Preconditioned proximal point methods and notions of partial subregularity

TL;DR

This paper introduces new notions of partial strong submonotonicity and subregularity to analyze convergence of preconditioned proximal point methods, demonstrating linear convergence without requiring strong convexity.

Contribution

It develops novel concepts of partial submonotonicity and subregularity, showing their relationships and advantages for convergence analysis in optimization algorithms.

Findings

Partial strong submonotonicity simplifies convergence proofs.

Linear convergence achieved without strong convexity assumptions.

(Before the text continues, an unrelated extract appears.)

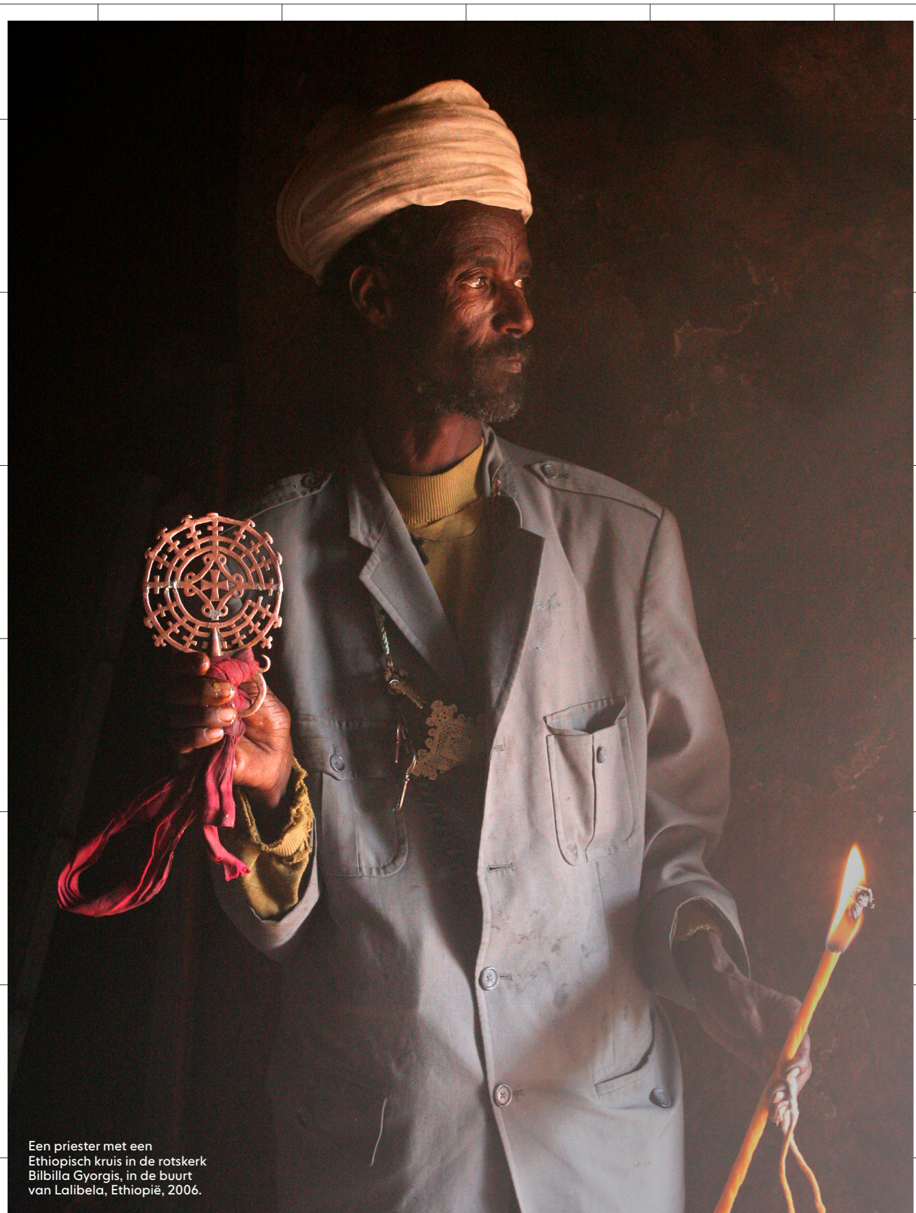
Een priester met een Ethiopisch kruis in de rotskerk Bilbilla Gyorgis, in de buurt van Lalibela, Ethiopië, 2006.

Application to image processing and data science problems.

Abstract

Based on the needs of convergence proofs of preconditioned proximal point methods, we introduce notions of partial strong submonotonicity and partial (metric) subregularity of set-valued maps. We study relationships between these two concepts, neither of which is generally weaker or stronger than the other one. For our algorithmic purposes, the novel submonotonicity turns out to be easier to employ than more conventional error bounds obtained from subregularity. Using strong submonotonicity, we demonstrate the linear convergence of the Primal-Dual Proximal splitting method to some strictly complementary solutions of example problems from image processing and data science. This is without the conventional assumption that all the objective functions of the involved saddle point problem are strongly convex.